Sog
"Sucht" heißt das Gedicht, aber das erscheint als ein äußerlich hinzugefügter, "erklärender" Titel, und das zeigt (wie ich meine) eine Schwäche des Gedichts: Die Subjekte der einzelnen Zeilen reihen Merkmale eines kritischen Zustandes steigernd auf - Priamel mit Klimax - haben aber nichts vom heftigen Begehren an sich, das die Substanz einer Sucht ist. Den Süchtigen versteht nicht, wer nicht die Lust kennt, die er sucht, wieder aufsucht, wieder und wieder aufsucht. Außer im letzten Doppelvers, da wirds deutlich gesagt.

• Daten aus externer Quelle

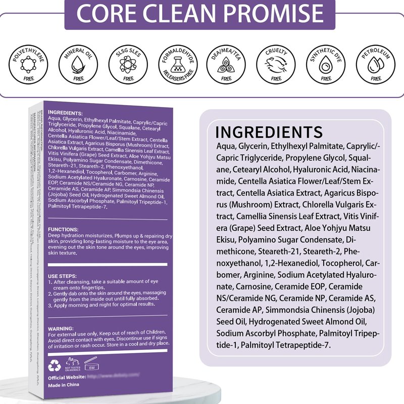 Our eye cream is specially formulated to smooth fine lines and improve skin texture, giving you a more youthful and refreshed look. The inclusion of Polypeptides and multiple Ceramides helps to enhance skin elasticity, making the skin around your eyes firmer and more resilient.
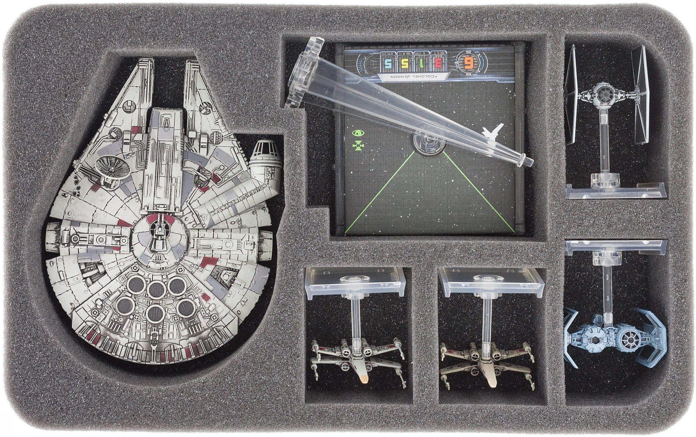 - 1 x HSBH050BO foam tray for Star Wars X-WING Millenium Falcon and 4 Fighter
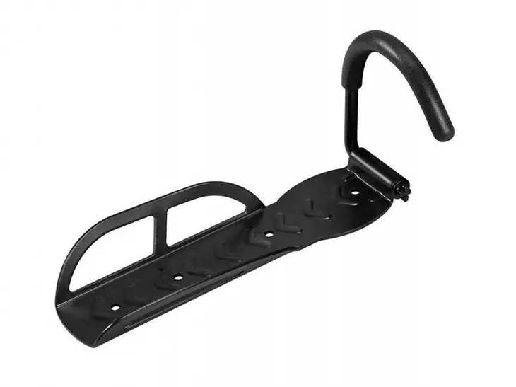 Uniwersalny wieszak ścienny na rower, idealny do przechowywania Twojego roweru w ciasnym garażu, domu lub piwnicy. Pasuje do każdego typu roweru. Uchwyt wieszaka pokryty gumową osłoną zabezpieczająca obręcz koła roweru przed uszkodzeniem. Mocowany do ściany za pomocą kołków rozporowych (w komplecie).
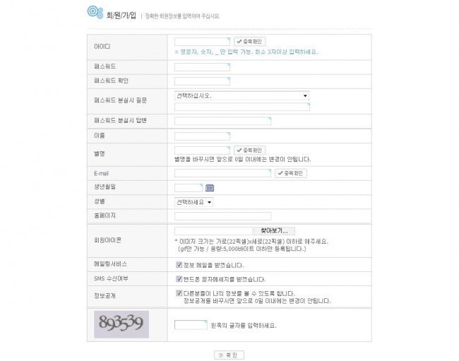 아래그림과 같이 회원가입시 전체화면으로 나오네요...서브메뉴

Dadurch bleibt es (bis zum letzten Vers) beurteilende Außensicht: Vorwurf statt Wahrnehmung und Beschreibung. Erhobener Zeigefinger statt Begreifen. Das Thema (das Sachsubjekt, über das gesprochen wird) bestimmt hier das Rhema (die Prädizierung, die Information in der Aussage) - aber in einem guten Lied geht das Thema völlig im Rhema auf. Hier hieße das: Der Sog würde spürbar, der die "süchtige" Person unwiderstehlich hineinzieht in dieses "Nur noch dieses eine Mal!"